Ich habe ein neues Wort erfunden: “Workatical!”

Und natürlich habe ich diesen Begriff nicht als erster Mensch auf der Welt erfunden. Fast jede Erfindung, jede Innovation, jede gute und jede weniger gute Idee hatte zuvor schon einmal jemand anderes. So ist es auch hier, Google zeigt mir sieben (in Zahlen: 7!) Treffer für das Wort “Workatical” und zumindest eine dieser Fundstellen nutzt den Begriff auch mit der Bedeutung, die ich darunter verstehe. Doch da ich den Begriff vorher nicht kannte, nie zuvor gehört oder gelesen hatte, habe ich ihn erfunden – wenn auch nicht exklusiv bzw. als erster.
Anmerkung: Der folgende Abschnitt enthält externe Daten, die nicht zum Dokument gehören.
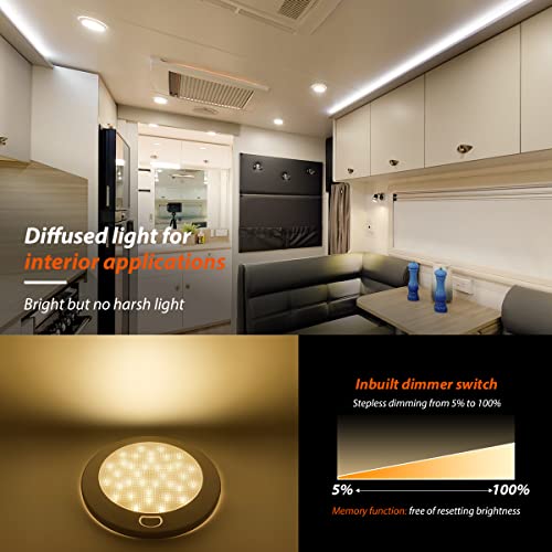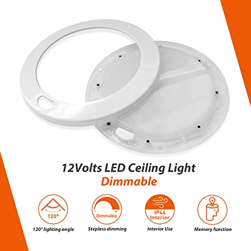 Dream Lighting Plafoniera LED Soffitto 12V Camper Barca Caravan Illuminazione Interna Dimmer Continuo IP44 Bianco Caldo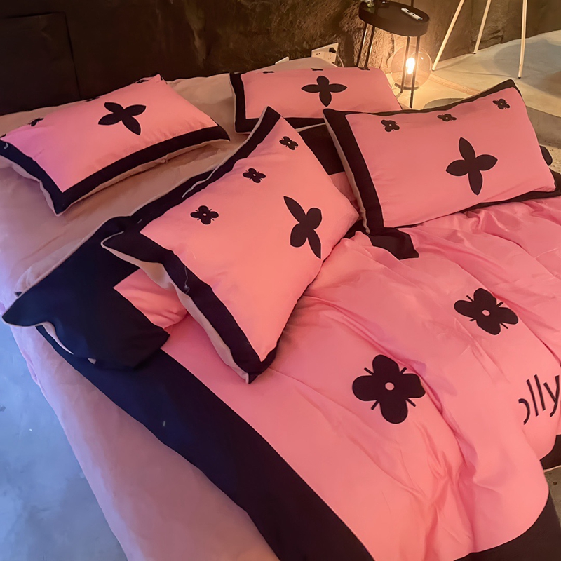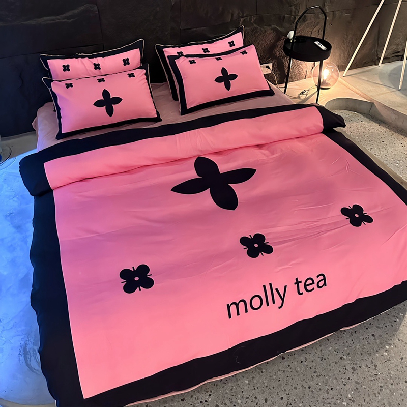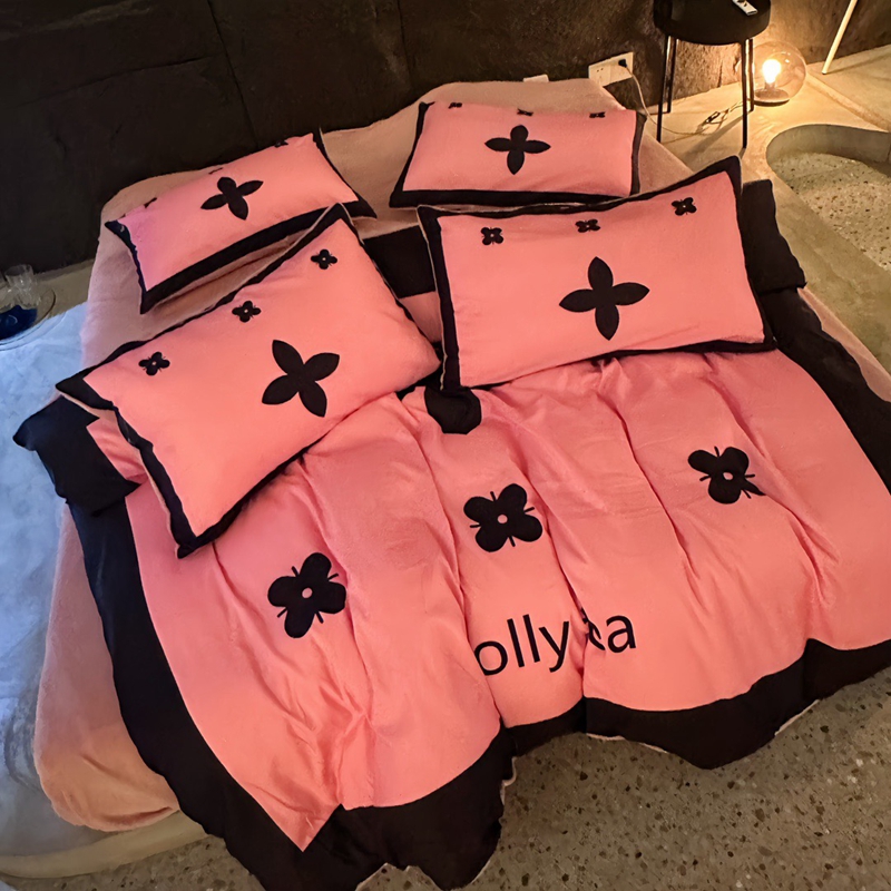 商品名称:色鬼 2023新款轻奢潮牌大牌风棉加绒四件套印花牛奶绒四件套 四叶草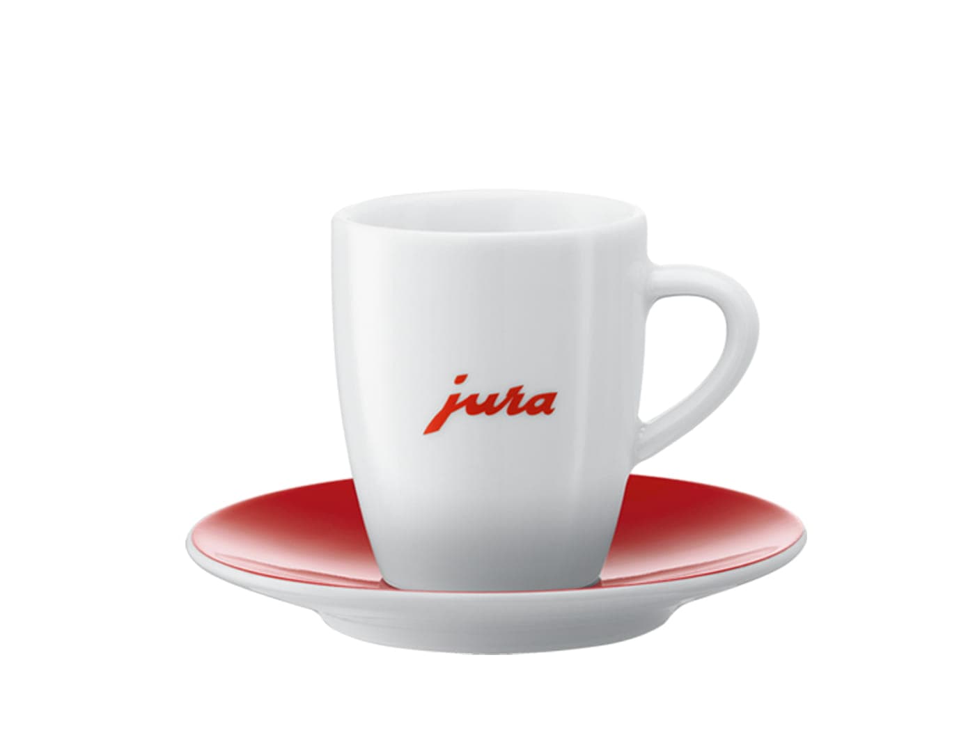 Setzen Sie Ihre Kaffeespezialität mit der in edlem JURA-Design gehaltenen, gebrandeten Espresso-Tasse und dem passenden roten Unterteller optimal in Szene. Das exklusiv für JURA entworfene Set à 2 Tassen macht das Kaffeetrinken auch optisch zum Genuss.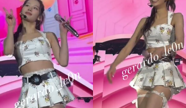 허벅지에 달린 레이스 리본과 치마가 잘 어울리는 트와이스의 '사나'(영상)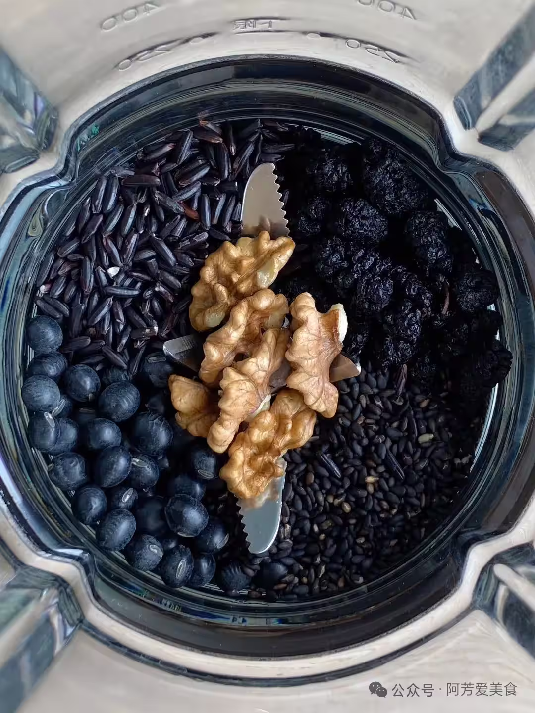 食材:黑豆10g、桑葚干10g、黑枸杞1g、黑米10g。桑葚枸杞免洗,黑米黑豆浸泡過夜。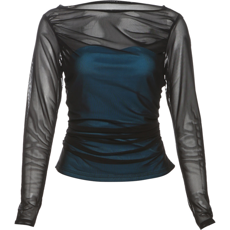 淘宝KLIOU潮人馆,钓系御姐风网纱拼接显瘦两件套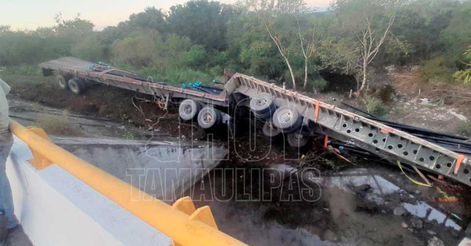 Tráiler se sale de la carretera tras pasar socavón en Soto la Marina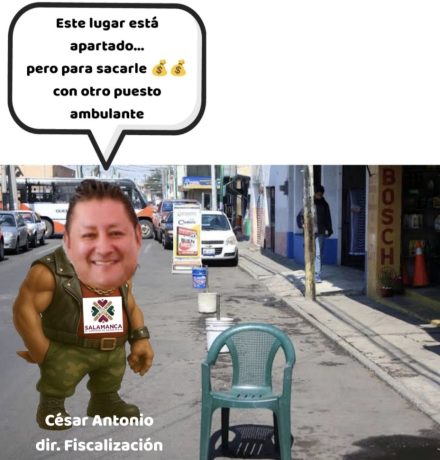 OTRA ÁREA OLVIDADA… Y me refiero a Fiscalización y Control, la cual se ha vuelto cómplice de que en la ciudad se cierre el comercio formal y crezca el comercio informal, y es que esta dependencia que está a cargo de precisamente impedir que el comercio informal abarque banquetas y zonas exclusivas para peatones o personas con discapacidad. Y es que su el jefe César Antonio Gutiérrez o una de dos, o no sabe cuál es su chamba o de plano trae por ahí acomodo$$$$ para permitir todos estos comercios. Lo pior es que viene la época navideña y con ello el incremento de los puestos de ocasión, que esperamos y no sigan invadiendo banquetas y hasta las calles, ya ven que como el señor no es de aquí pos no le importa el desastre que haga.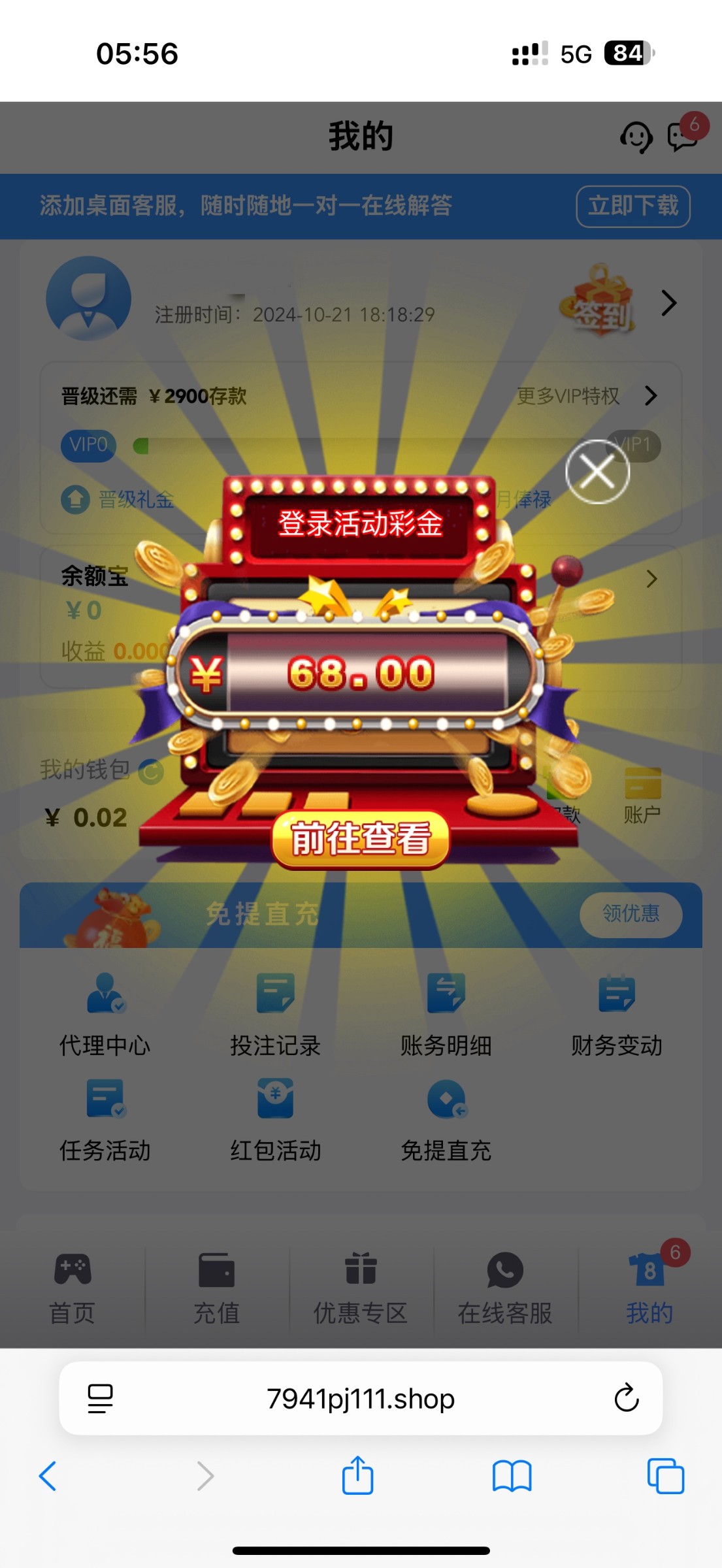 【小蓝板7491】登录回馈68彩金

Das ist aber nicht wichtig, mir zumindest nicht.

Weiter unten werde ich eine erste Definition dieses neuen Begriffes “Workatical” beisteuern. Doch zunächst einmal zum eigentlichen Thema:

workatical

Mein Workatical – Warum und Wofür

Mein “Warum” ist ziemlich profan: Ich brauche einfach mal wieder eine Pause von dem, womit ich seit einigen Jahren den Hauptteil meiner Zeit verbringe. Ich habe, seitdem ich als sogenannter “Agile Coach” selbstständig bin, selten den Bedarf verspürt, einmal so richtig Urlaub zu machen. Doch nun spüre ich den Bedarf, vielleicht massiver als je zuvor. Wahrscheinlich hat es auch etwas mit den letzten beiden intensiven Jahren im Homeoffice zu tun, dass ich zuletzt das Gefühl habe, mir fällt “die Decke auf den Kopf”. Meine Arbeit hat sich in den letzten Monaten immer weiter verdichtet, in mancher Woche hat sich die Suche nach freien Slots für einen weiteren Workshop wie Tetris angefühlt. Und das, obwohl ich mir dieser Gefahr durchaus bewusst bin und zumindest versucht habe, mir freie Zeiten zu blocken.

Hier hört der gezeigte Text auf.